━━━━━ Source information ━━━━━

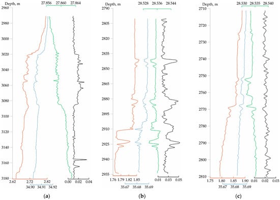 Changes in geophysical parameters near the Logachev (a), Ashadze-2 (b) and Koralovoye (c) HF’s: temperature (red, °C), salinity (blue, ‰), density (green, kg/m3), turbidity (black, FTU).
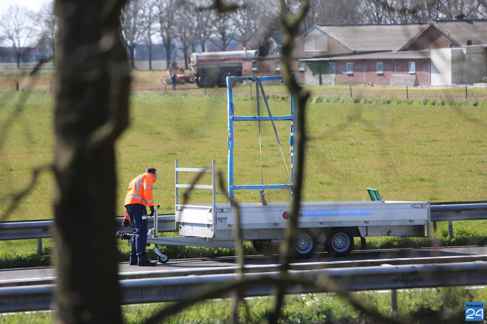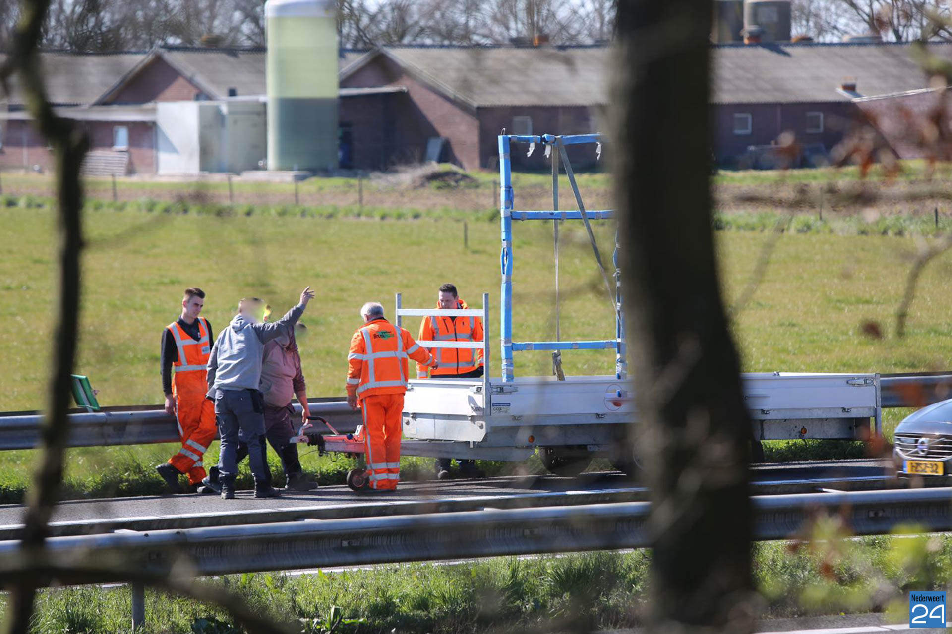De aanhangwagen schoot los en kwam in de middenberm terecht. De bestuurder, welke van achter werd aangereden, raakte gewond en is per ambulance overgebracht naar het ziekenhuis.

━━━━━
━━━━━ Source information ━━━━━

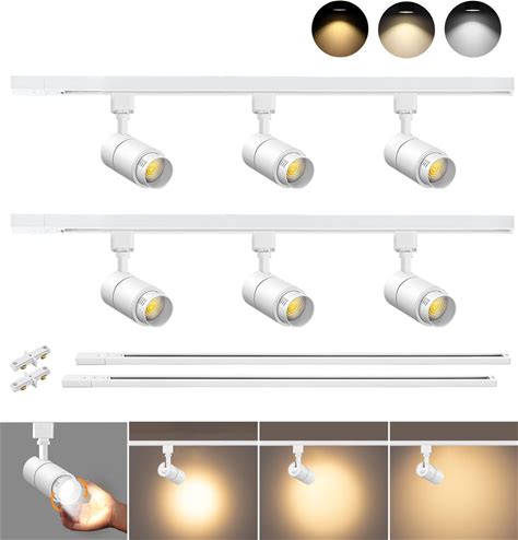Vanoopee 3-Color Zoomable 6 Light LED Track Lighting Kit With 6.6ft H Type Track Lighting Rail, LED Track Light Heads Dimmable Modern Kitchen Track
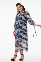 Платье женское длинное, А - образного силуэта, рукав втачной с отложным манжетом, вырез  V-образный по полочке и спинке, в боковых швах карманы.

━━━━━

(Task description):
A word-for-word reproduction is needed of the lines above from the line containing "Changes in geophysical" through the line containing "De aanhangwagen schoot", with both ends kept and no pictures.

(Answer for this exercise):
 Changes in geophysical parameters near the Logachev (a), Ashadze-2 (b) and Koralovoye (c) HF’s: temperature (red, °C), salinity (blue, ‰), density (green, kg/m3), turbidity (black, FTU).
De aanhangwagen schoot los en kwam in de middenberm terecht. De bestuurder, welke van achter werd aangereden, raakte gewond en is per ambulance overgebracht naar het ziekenhuis.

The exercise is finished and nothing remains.